Tuesday, September 20, 2016

Global warming threatens wine industry

In Australia, grapes are maturing faster, which can compromise the flavor
Neil Paulett, a manufacturer of wine from the region of Clare Valley in South Australia State, stopped the car in front of a row of vines in a recent rainy afternoon. The grapes that grow here, he said, are maturing a month earlier than they used to when he opened the winery that bears his name, in the early 80.
More grapes are maturing at the same time, shortening the traditional period of harvest in two weeks, said Paulett.
Some scientists attribute these changes to the temperature increase, something which, according to the researchers, could be a threat to wine producers in the world. The grapes that ripen too early may not develop the optimal flavors, and the late harvest can lead to levels that would make the alcoholics drink unpleasant to the taste, say scientists and growers.
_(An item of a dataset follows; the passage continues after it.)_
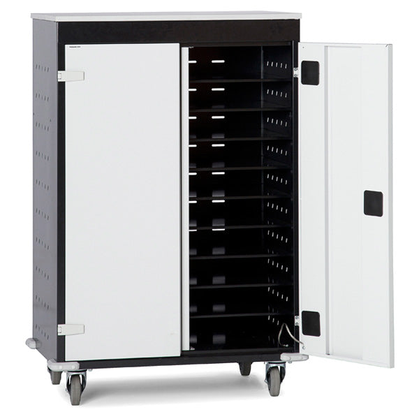 Praktiske mobile vogne/skabe for opbevaring og ladning af laptops og mobiltelefoner. Skabet har en solid konstruktion, to låsbare døre og en solid cylinderlås. Store letrullende, låsbare hjul og praktisk håndtag for enkel håndtering af vognen.

Some of the greatest wineries of Australia, with the help of scholars and researchers are investigating ways to reduce this impact. At stake are about 24000 jobs in the sectors of production of wine and grape crop of Australia, as well as exports valued at 2.1 billion Australian dollars ($ 1.6 billion) a year.
The Treasury Wine Estates Ltd., the second largest Australian wine by volume, according to data collected by 2015 research firm Euromonitor International, is considering pruning his vines at the end of the year, a technique that can delay the ripening.
Already the Taylors Wines, Clare Valley''s largest Winery and the 11th of Australia by volume, also performs her first experience of late ripening through pruning and can come to apply the technique to 20% of its vineyards.
The Taylors also expanded its operations in recent years, in part to render more grapes at the same time and make better use of shorter harvests. Some companies are spreading more straw between the vines to keep the soil cooled.
If the harvest period continue anticipating, wine makers will be under heavy pressure, says Andrew Pike, who runs the Pikes Clare Valley Wine with a brother. "We''re not going to get the flavors profile we''re looking for."
Data from the Treasury Wine show that, last year, Carbenet Sauvignon grapes from the vineyards in McLaren Vale, South of Adelaide, were ripe in February 4, compared with 25 in March 1993.
The anticipation of maturation has been registered worldwide, affecting some of the major wine regions and showing a constant challenge for manufacturers.
In the region of the U.S. State of Washington, higher temperatures in 2015 prompted the harvest starting "historically earlier", according to the Commission of local wine.
Other data from the Treasury Wine show that the period of ripening in the valleys of Barossa and Eden, also in South Australia, was 24 days for the Shiraz grape in 2013, up from 47 days in 1998.
"Few wineries have the capacity to ferment all their grapes at the same time," says Vladimir Jiranek, Director of the ARC Training Center for Innovative Production of wine, part of the University of Adelaide.
The grapes left on the vine long continue maturing and accumulate more sugar, the yeast into alcohol during fermentation — so more sugar means more alcohol. This isn''t just a problem for the taste, but some jurisdictions also tax more wines with higher alcoholic content.
Jiranek group researchers found that the combination of certain types of yeast that are less efficient in transforming sugar into alcohol with standard wine yeast can download the alcoholic content. The researchers want to develop new types of yeast that can lower the alcohol content even more, says Jiranek.
In the Barossa Valley, northeast of Adelaide, which is famous for its Shiraz, the Treasury Wine intends to expand the pruning practices to delay ripening, after three years of testing. For harvest this year, some branches of vines where they grow clusters of grapes were trimmed when they had two or three sheets around the second week of October 2015. The traditional period for this is the end of may or early June.
The delayed harvest method between 10 to 14 days, compared with other vineyards, and stagger the harvest so that the grapes don''t mature at once, without compromising the quality of the fruit, according to the company. "It''s a really simple technique," says Gioia Small, regional manager of sustainability of Treasury Wine. "There''s no additional cost. It''s just a matter of programming. "
There are technologies that filter the alcohol of the wine, but some say that the methods can be costly and contradict the marketing strategy of the wineries to introduce the product as being done in a natural way.
Adam Eggins, oenologist of Taylors Wines, has other advice: invest in large storage tanks, presses and other equipment. After an especially short in 2008, the company nearly doubled its capacity, he says. "I think, in the end, we spoon because we couldn''t move fast enough," says Eggins.
Currently, there are few signs that the change in harvest periods will be reversed.
Paulett, Paulett Wines, says that this year left grapes Riesling — the characteristic type of Clare Valley — early mature spend an extra week in the vineyards to develop certain flavors. In a visit to the vineyard in early September, he stopped at an old vine Cabernet grapes where a leaf had already sprouted. "It''s a little early," he said.